# Choosing a Snail?



## birdielikestomatoes (May 2, 2012)

I was thinking of adding a snail to my 5g but I am completely at a loss as to which snail to pick and once I've chosen a snail what do I feed it? (I don't have a algae infestation and my betta girls eat everything I give them. Does it eat poop? There's plenty of poop. xD) 

How does it reproduce? (Is it asexual or no? I only want one at the moment.)

How much waste do they produce? How much would I have to do water changes? 

Having these questions answered as well as some tips/facts would be mighty handy. I don't want to add anything to my tank without knowing a ton about it.


----------



## jman828 (Aug 15, 2011)

birdielikestomatoes said:


> I was thinking of adding a snail to my 5g but I am completely at a loss as to which snail to pick and once I've chosen a snail what do I feed it? (I don't have a algae infestation and my betta girls eat everything I give them. Does it eat poop? There's plenty of poop. xD)
> 
> How does it reproduce? (Is it asexual or no? I only want one at the moment.)
> 
> ...


Feed it algae wafers every 4 days and/or fresh veggies that sink. They are NOT assexual, there are males and females. The produce a fair amount of waste but nothing excessive, and with only one you shouldn't have to adjust your water change schedule


----------



## birdielikestomatoes (May 2, 2012)

Thank you for replying. I have heard that some are asexual like the Malaysian trump snail. Do you have any suggestions on what breed of snail I should be looking for?


----------



## Silverfang (Mar 25, 2011)

if it's got more than one betta in your 5... a nerite would be the only choice. Apple snails poop so much. They poop more in one day than my sorority did in a week.


----------



## jman828 (Aug 15, 2011)

birdielikestomatoes said:


> Thank you for replying. I have heard that some are asexual like the Malaysian trump snail. Do you have any suggestions on what breed of snail I should be looking for?


Mystery Snail
http://www.petsmart.com/product/index.jsp?productId=3954040



Silverfang said:


> if it's got more than one betta in your 5... a nerite would be the only choice. Apple snails poop so much. They poop more in one day than my sorority did in a week.

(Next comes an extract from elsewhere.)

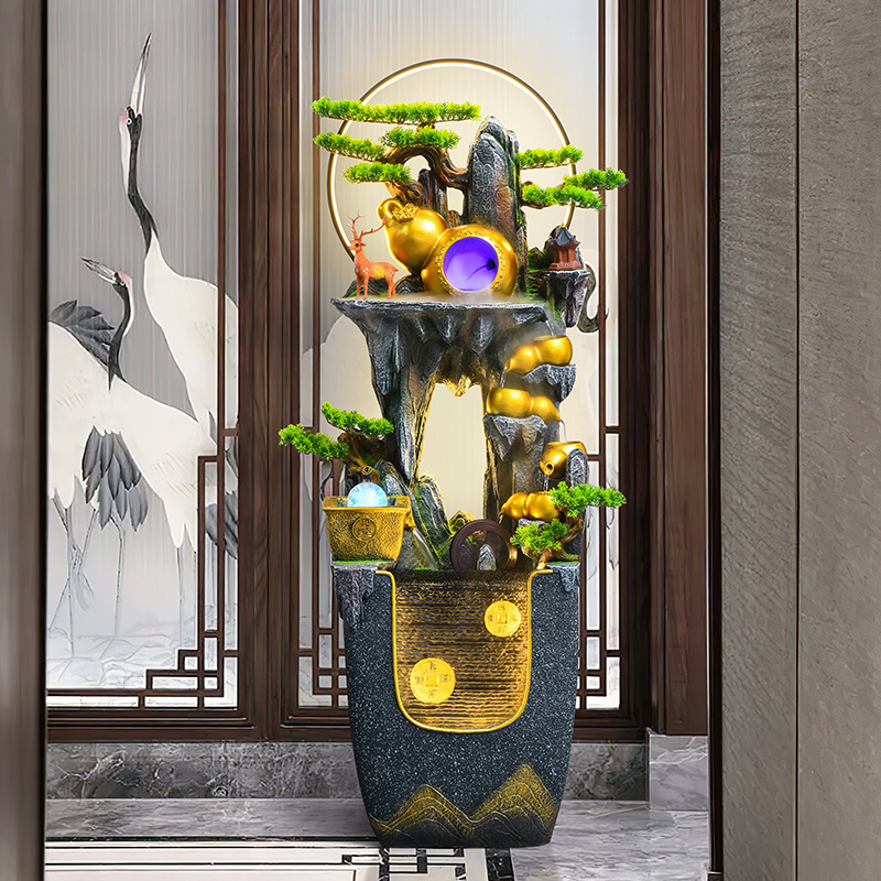 招财中式流水摆件假山循环水景装饰客厅办公室落地风水轮开业礼物

True, apple snails are bad. But a mystery would be fine


----------



## shadowpony (Apr 15, 2012)

I just wanted to warn you that petsmart doesnt feed their snails. Feed your new snail extra when you first get it


----------



## Silverfang (Mar 25, 2011)

I wouldn't got for a mystery either.


----------



## thekinetic (May 22, 2012)

Yall do realize mystery snails ARE apple snails, right?

Avoid thing like pond snails and ramshorn snails, they are asexual and will reproduce crazy fast.

Nerites are usually the snail of choice as they're algae eaters. Trumpet snails live the substrate as do assassins.

Here check this out: http://www.planetinverts.com/snail_species.html


----------



## djembekah (Feb 13, 2012)

i really love rabbit snails. they poop lots, and in my 3 gallon i was cleaning up poop like every other day its true. they reproduce sexually THOUGH both snails i purchased were females and already had enough male genetic material stored up (yes stored up) and had babies. the second one actually was probably already pregnant since her baby showed up like two days after i bought her. but my first one has had two babies since i bought her like a month and a half ago. they are cute, awkward little guys <3

nerites would probably be your best bet since they are small and they can't reproduce in fresh water.


----------



## birdielikestomatoes (May 2, 2012)

Thank you guys! I'm thinking the best snail for me would be a nerite, from the information you have all given me plus some google research. However, I'm going to hold off on the snail for now. Since my 5g only has two girls I'm going to add two more girls to kind of lesson the aggression until I have the funds to buy them a bigger tank, and then I'll get the snail once they've upgraded.  I've been seriously putting off adding any more girls though since I didn't want to overstock my tank but while the girls are acting decent enough to each other I'm getting tired of constantly worrying about them.


----------



## djembekah (Feb 13, 2012)

5 gallons is faaaar too small for 2 bettas, let alone 4! i'd upgrade your tank before you get more girls.


----------



## Pitluvs (Jun 22, 2011)

I personally wouldn't put a snail in a 5g tank with 2 Bettas, or even 1 Betta. But if you do chose to get a snail, Apples are OUT 100%. I have one nearly the size of a tennis ball. They get big. My 20g tank has 6 girls and 3 Apple Snails and my bioload is nearly maxed lol 

I would upgrade to a 10g, get 3 or 4 more females, a nerite and call it a day


----------



## birdielikestomatoes (May 2, 2012)

Are you positive? The tank is cycled and I'd be doing 25% water changes every few days plus there's quite a few hiding place and I'd be buying a few more silk plants to add even more. Plus while the tank is only a 5g the girls are quite small even though they're full grown so they have plenty of swimming space. I wouldn't even be considering adding two more girls if I didn't think they would be able to live happy, healthy lives. 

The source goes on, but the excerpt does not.